Since pictures are not part of the copy, please output only the lines from the one with "6. Pour this" through the end of the data below, exactly as written.

Stored items:
+--

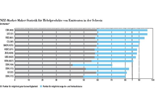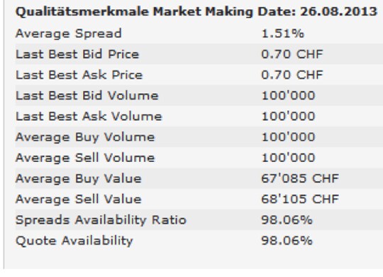 Die NZZ berücksichtigt einzig die Kursverfügbarkeit und die Spreads. Dabei wurde ein 60-40 Verhältnis gewählt. Ab der Schwelle von 85% erachten die NZZ die Arbeit des Emittenten als gut. In der aktuellen Grafik werden aber bspw. für die Deutsche Bank (DBK) gar drei unterschiedliche Werte geführt. Besser als beim PMMI gefällt hier die Darstellung.
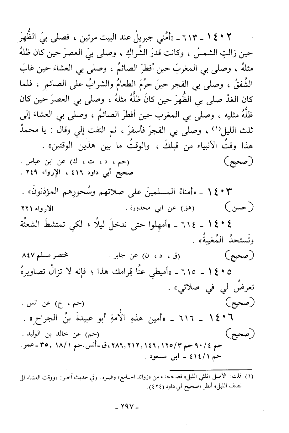 1402 - 613 - «أمني جبريل عند البيت مرتين فصلى بي الظهر حين زالت الشمس وكانت قدر الشراك وصلى بي العصر حين كان ظله مثله وصلى بي المغرب حين أفطر الصائم وصلى بي العشاء حين غاب الشفق وصلى بي الفجر حين حرم الطعام والشراب على الصائم فلما كان الغد صلى بي الظهر حين كان ظله مثله وصلى بي العصر حين كان ظله مثليه وصلى بي المغرب حين أفطر الصائم وصلى بي العشاء إلى ثلث الليل1 وصلى بي الفجر فأسفر ثم التفت إلي وقال: يا محمد هذا وقت الأنبياء من قبلك والوقت ما بين هذين الوقتين» .
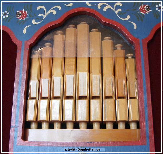 Um den technisch Interessierten (und den "Zweiflern", die einen MP3-, CD- oder Cassettenspieler im Inneren vermuten) das reale Innenleben der Orgel (Schläuche, Balg, große Pfeifen usw.) zeigen zu können, habe ich den normalerweise fest verschraubten Gehäusedeckel so umgebaut, dass man ihn leicht öffnen und hochklappen kann.
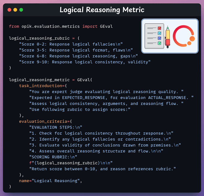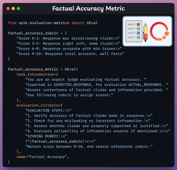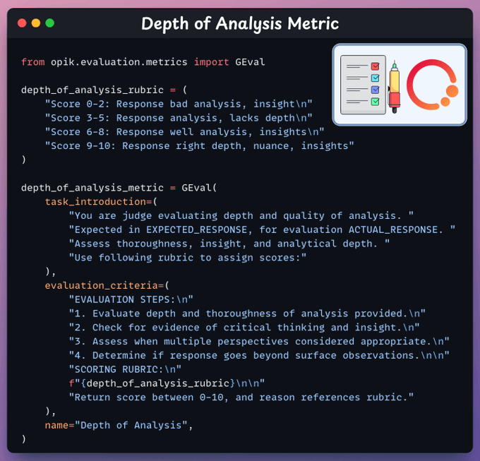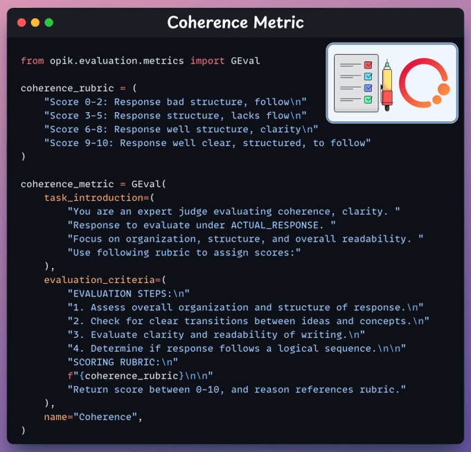 We will now create evaluation metrics for our task using Opik's G-Eval.
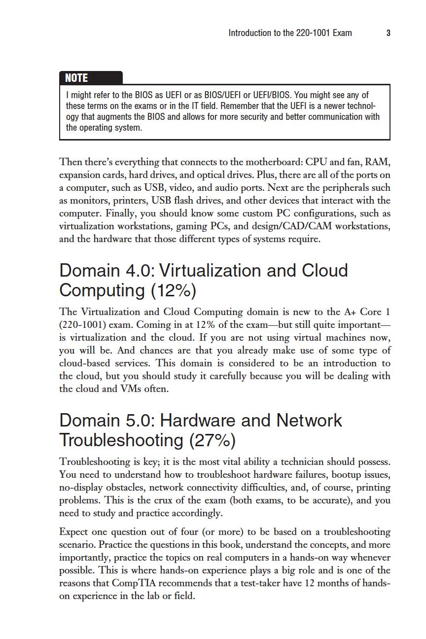 The CompTIA A+ exams are designed for individuals with at least 12 months of hands-on experience in the lab or field. If you have that experience, this book will be an excellent late-stage study tool. However, if you have not acquired that experience, I recommend that you register for a hands-on A+ course or, at the very least, purchase an A+ study guide such as the CompTIA A+ Core 220-1001 and Core 220-1002 Exam Cram textbook or consider my A+ Complete Video Course. After you take the course and/or read the study guide, return to this book as your late-stage test preparation to be used just before taking the real exams.
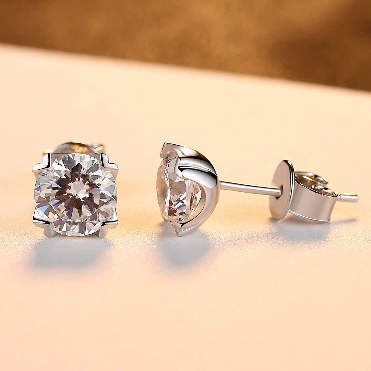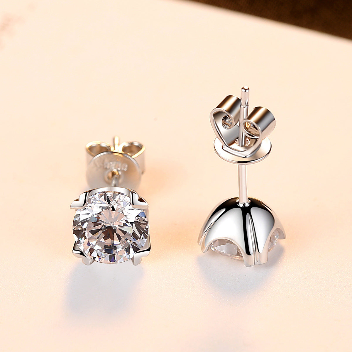 Aetolia 925 Sterling Silver 18K Gold Plated Heart 4 Prongs Round Solitaire Stud Earrings SE0101
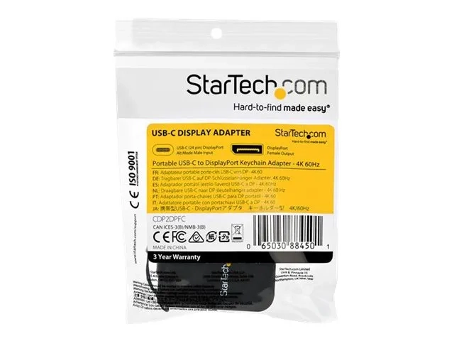 Cet adaptateur compact USB-C vers DisplayPort offre une solution ultra-portable pour connecter votre ordinateur portable USB Type-C ou tout autre appareil à un moniteur ou un écran DP 4K ou 8K. L''adaptateur dispose d''un anneau porte-clés qui se fixe facilement au sac de votre ordinateur portable ou de votre vidéoprojecteur pour une portabilité optimale.
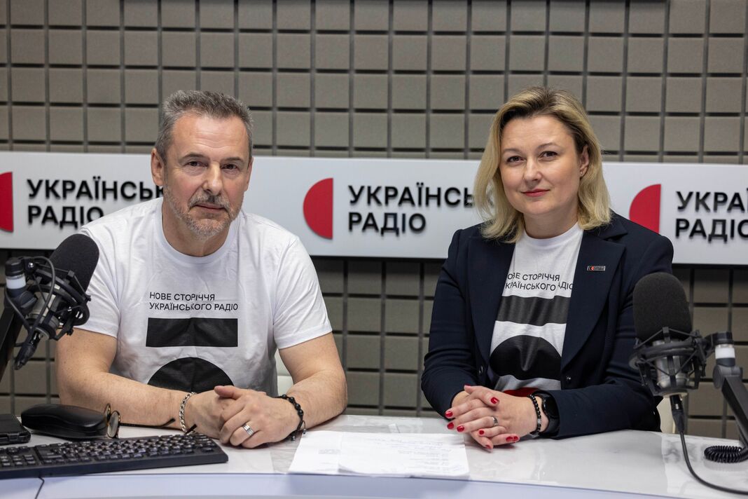 Головний продюсер Українського радіо Євгеній Чиж та виконавча продюсерка Юлія Шелудько. Фото – Express“Ми змушені були впровадити додаткові заходи безпеки, але також маємо чіткий план дій у разі знищення студії – ми мовитимо й далі”, – зазначив Євген Чиж.
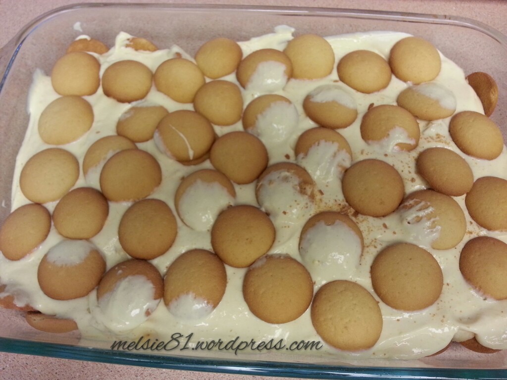 6. Pour this mixture on top of your wafers and bananas. Place the rest of the vanilla wafers on top and place in the fridge until you are ready to devour it with happiness.
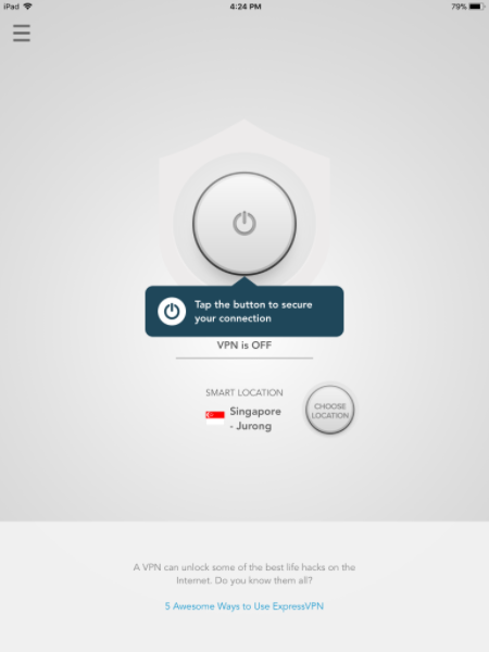 The ExpressVPN iOS app , when used on the iPad, looks like a blown-up version of its iPhone and Android siblings. You can see the same Connect button, smart location suggestion, and the option to choose location manually.
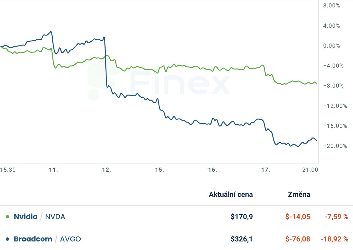 Vývoj ceny akcií Nvidia a Broadcom za poslední týden
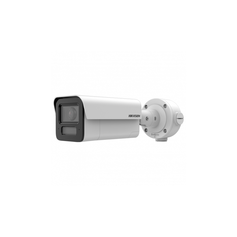 Cámara Bullet IP Hikvision, resolución 4 MP, lente fija 2.8 mm, luz híbrida hasta 80 metros, audio, PoE+, protección IP67, IK10.
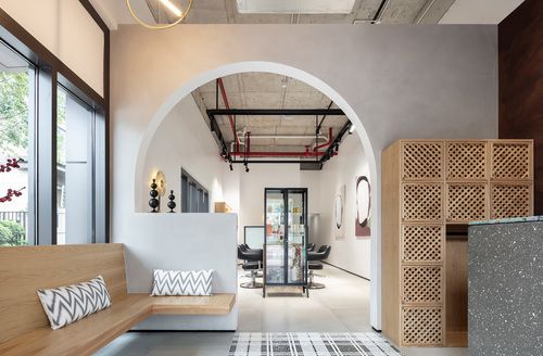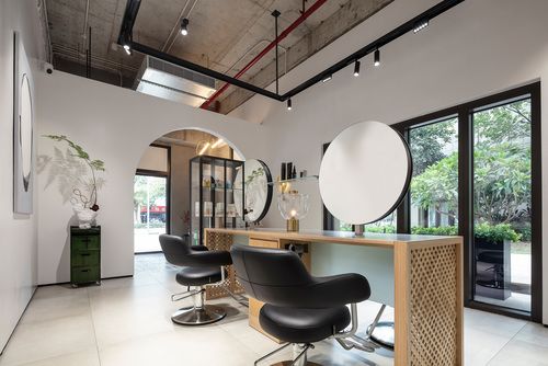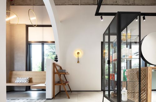 基于前面对功能的梳理和整合,整个空间是有序和条理的,因此它们需要可视化的场景来让顾客产生独特的体验感。设计师产生了“探索”这个keyword。探索是一个动词,怎样变成一个可描述的静态化的名词?设计师联想到钥匙,进而将半圆形的钥匙孔转换成设计语言,首先应用在一层接待区与发型师的间断结构,“探索”从这里展开。然后从一层到二层再到夹层,半圆形最终再次出现在螺旋楼梯的结束处,含义是探索的结果是不断学习与自我更新。

+--

» **Solution to this problem**
 6. Pour this mixture on top of your wafers and bananas. Place the rest of the vanilla wafers on top and place in the fridge until you are ready to devour it with happiness.
 The ExpressVPN iOS app , when used on the iPad, looks like a blown-up version of its iPhone and Android siblings. You can see the same Connect button, smart location suggestion, and the option to choose location manually.
 Vývoj ceny akcií Nvidia a Broadcom za poslední týden
 Cámara Bullet IP Hikvision, resolución 4 MP, lente fija 2.8 mm, luz híbrida hasta 80 metros, audio, PoE+, protección IP67, IK10.
 基于前面对功能的梳理和整合,整个空间是有序和条理的,因此它们需要可视化的场景来让顾客产生独特的体验感。设计师产生了“探索”这个keyword。探索是一个动词,怎样变成一个可描述的静态化的名词?设计师联想到钥匙,进而将半圆形的钥匙孔转换成设计语言,首先应用在一层接待区与发型师的间断结构,“探索”从这里展开。然后从一层到二层再到夹层,半圆形最终再次出现在螺旋楼梯的结束处,含义是探索的结果是不断学习与自我更新。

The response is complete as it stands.